A Basic Fundamental Concept

 The Problem "String Game" of CodeChef is interesting if we are trying to solve it using cpp, because we don't have any function to get the frequencies of elements in an iterable unlike in Python and so it depends on the individual programmer what type of approach they are using. Basically in this problem it all boils down to getting the frequencies of all char in the string and making sure that the string can be divided equally to Alice and Bob, and for that every char should occur even no. of times. 

In Python it is fairly simple, but the joy is in solving this problem in Cpp, because the things you get in Cpp are challenge and corner cases which are not there in Python bcz of the functions in it.

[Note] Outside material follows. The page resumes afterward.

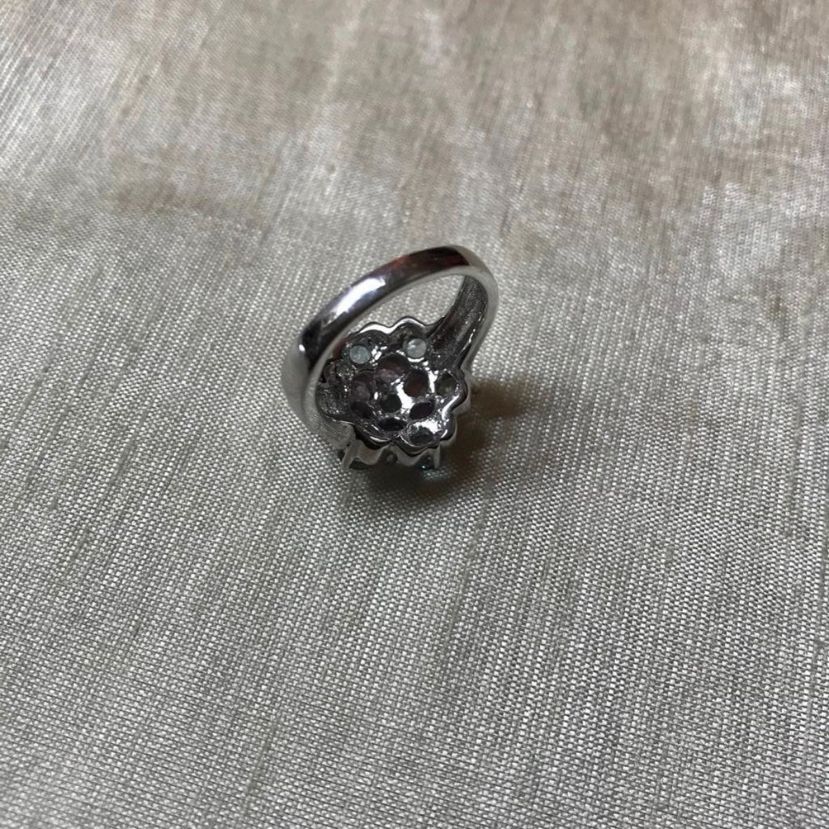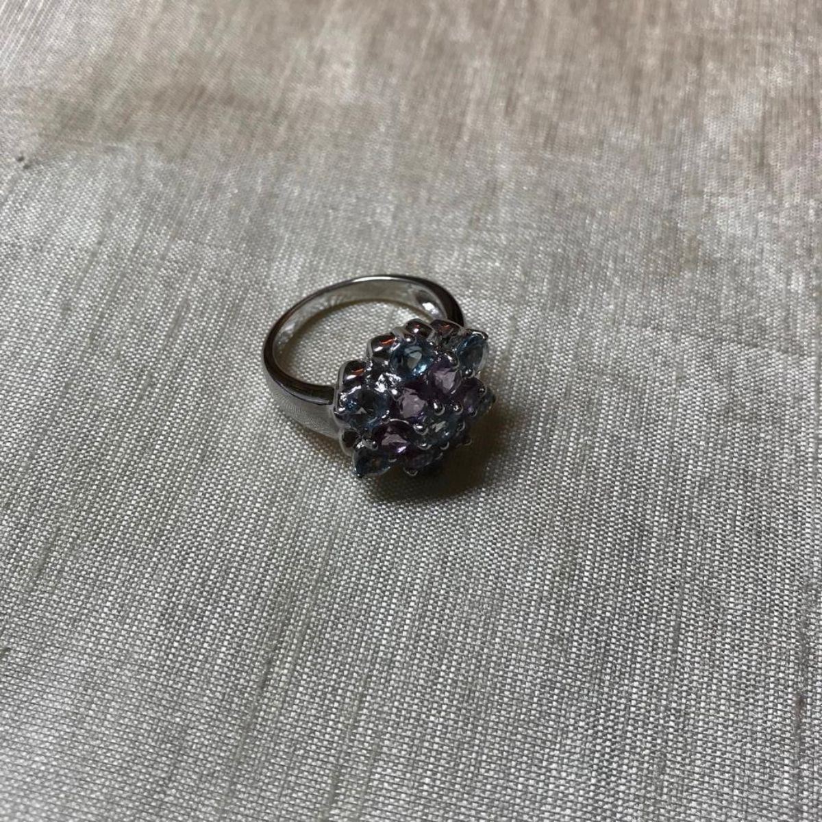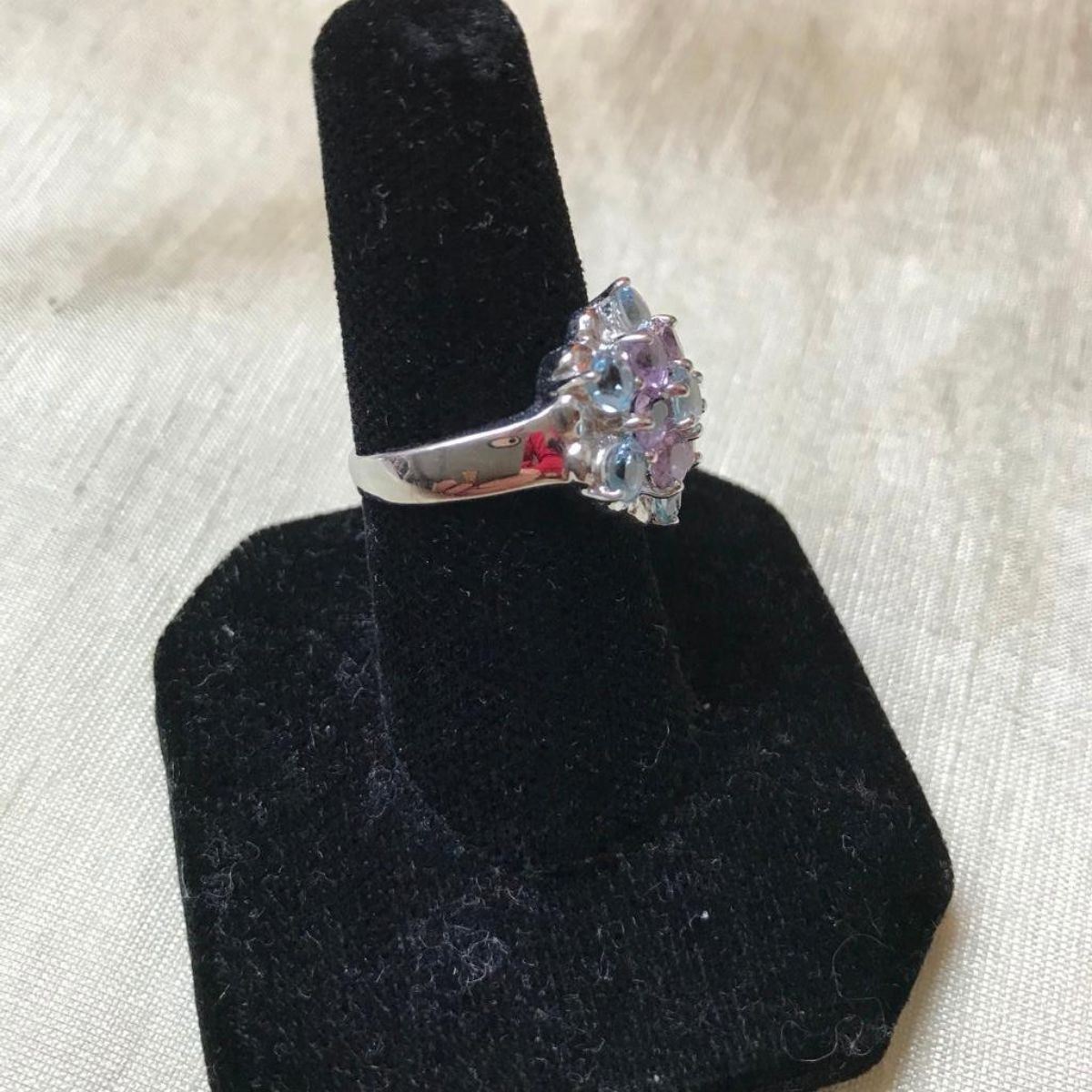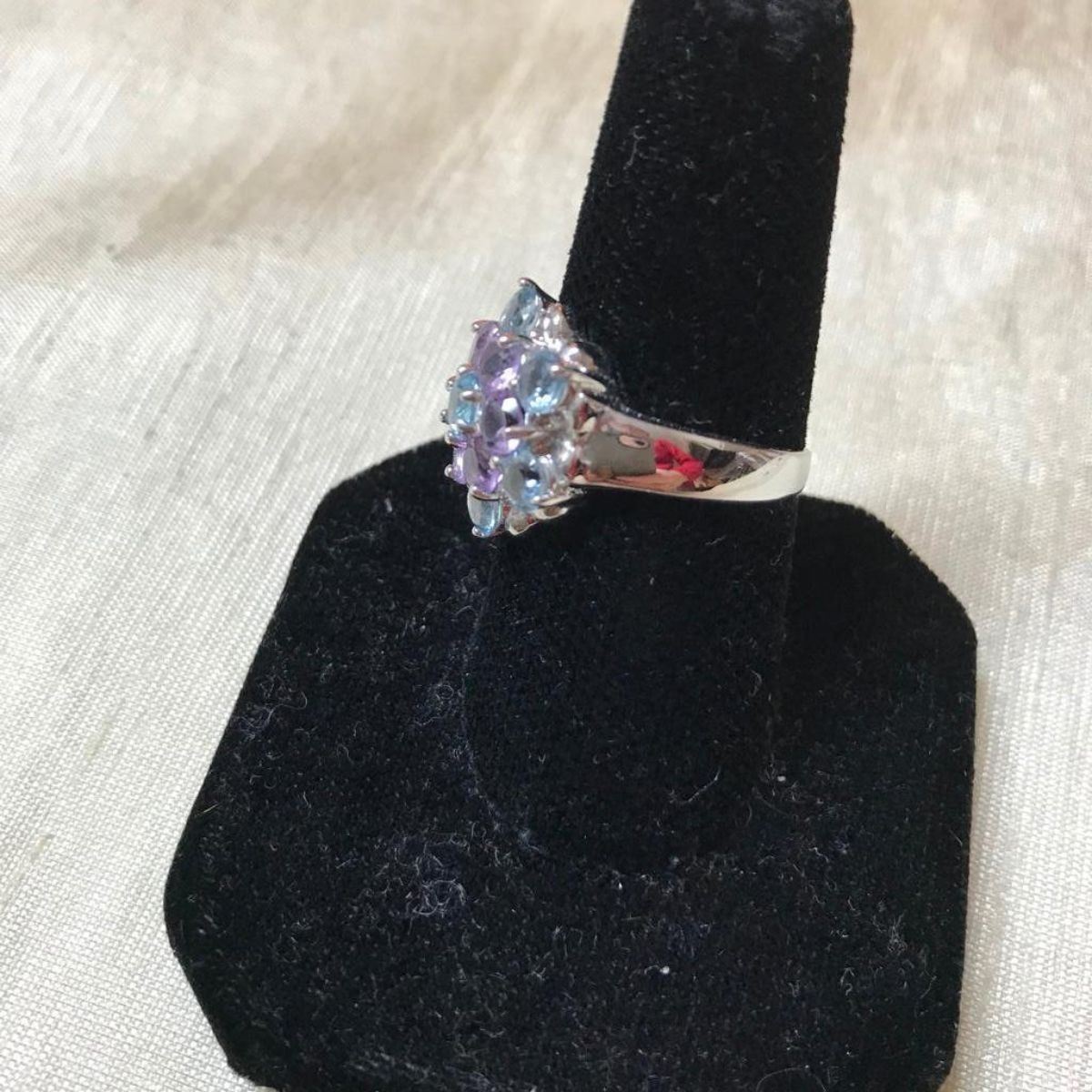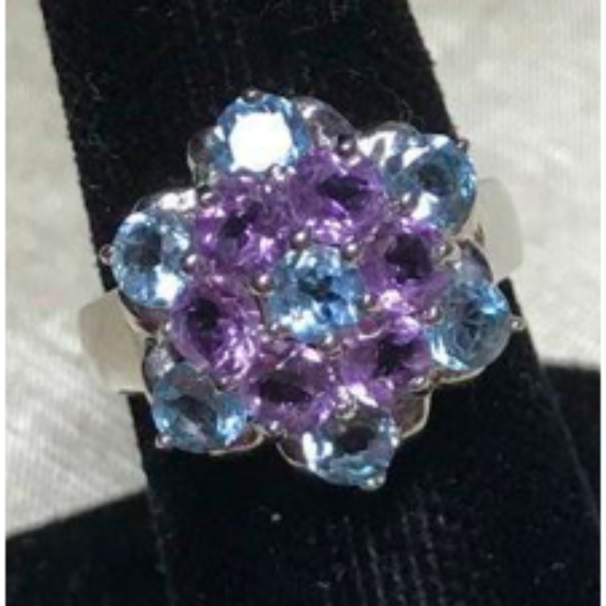 28Light blue topaz round facet gemstones ( seven total, 3mm ) & light purple amethyst round facet gemstones ( six total, 3mm ) set into a sterling silver flower form ring. Size 7.

There are 2 codes for this problem provided below, the 1st approach passes all the test cases but the 2nd one fails to pass some of them because of time complexity constraints. This failure is because of the approach to find the frequency of the chars, basically in 1st approach I am finding the freq of every char and then checking if it is even or odd and depending on that printing YES or NO statements, the mian thing is that I am not touching a char which has been previously visited by me, that is, I am ignoring the char which have their instances before the current instance. I am not doing this in the 2nd approach, instead I am finding the freq for all chars not caring if I have visited that char or not. Which increases my TC and hence is not optimal and shows what we shouldn't do, and most importantly we wouldn't have learnt this if we would have used the fairly easy functions of Python.

The 1st Approach:-

#include <iostream>

using namespace std;

int main() {

    // your code goes here

    int T,n;

    string s;

    cin>>T;

    while(T>0){

        cin>>n>>s;

        int done=0,check=0;

        for(int i=0;i<n;i++){

            int count=1,chk=0;

            if(i!=0){

                // Will check if this char has been checked before or not

                for(int j=i-1;j>=0;j--){

                    if(s[j]==s[i]){

                        // Means the char was checked beforehand only

                        chk=1;

                        break;

                    }

                }

                if(chk==1){

                    continue;

                }

            }

            if(i!=n-1){

                for(int k=i+1;k<n;k++){

                    if(s[k]==s[i]){

                        count++;

                    }

                }       

            }

            else{

                // The char has came for the first time and is the last elem 

                // in the string

                cout<<"NO"<<endl;

                done=1;

                break;

            }

            // Now we have the frequency of the curr elem at this point

            if(count%2!=0){

                done=1;

                cout<<"NO"<<endl;

                break;

            }

            

        }

        if(done!=1){

            cout<<"YES"<<endl;

        }

        

        T--;

    }

    return 0;

}

The 2nd Approach:-

#include <iostream>

using namespace std;

/** Attempt No.-2 String Game- CPP Version **/

/** Time Limit Exceeded **/

/*

 * The Problem with this code is that for every char it is getting it's freq

 * even if the char has been seen before and it's freq is checked which is 

 * not needed

 * and this is why it is getting TLE because this is not needed for the chars 

 * which have been visited once.

 *

 */

int main() {

    int T,n;

    // cout<<"What's T? ";

    cin>>T;

    // cout<<endl;

    while(T>0){

        // cout<<"What's n? ";

        cin>>n;

        // cout<<endl;

        int chk=0;

        string s;

        // cout<<"What's s? ";

        cin>>s;

        // cout<<endl;

        if(n%2!=0){

            cout<<"NO"<<endl;

            T--;

            continue;

        }

        for(int i=0;i<n;i++){

            int freq=1;

            if(i>0){

                for(int j=i-1;j>=0;j--){

                    if(s[j]==s[i]){

                        freq+=1;

                    }

                }    

            }

            if(i!=n-1){

                for(int k=i+1;k<n;k++){

                    if(s[k]==s[i]){

                        freq++;   

                    }

                }    

            }

            if(freq%2!=0){

                cout<<"NO"<<endl;

                chk=1;

                break;

            }

        }

        if(chk==1){

            T--;

            continue;

        }

        cout<<"YES"<<endl;

        T--;

    }

    return 0;

}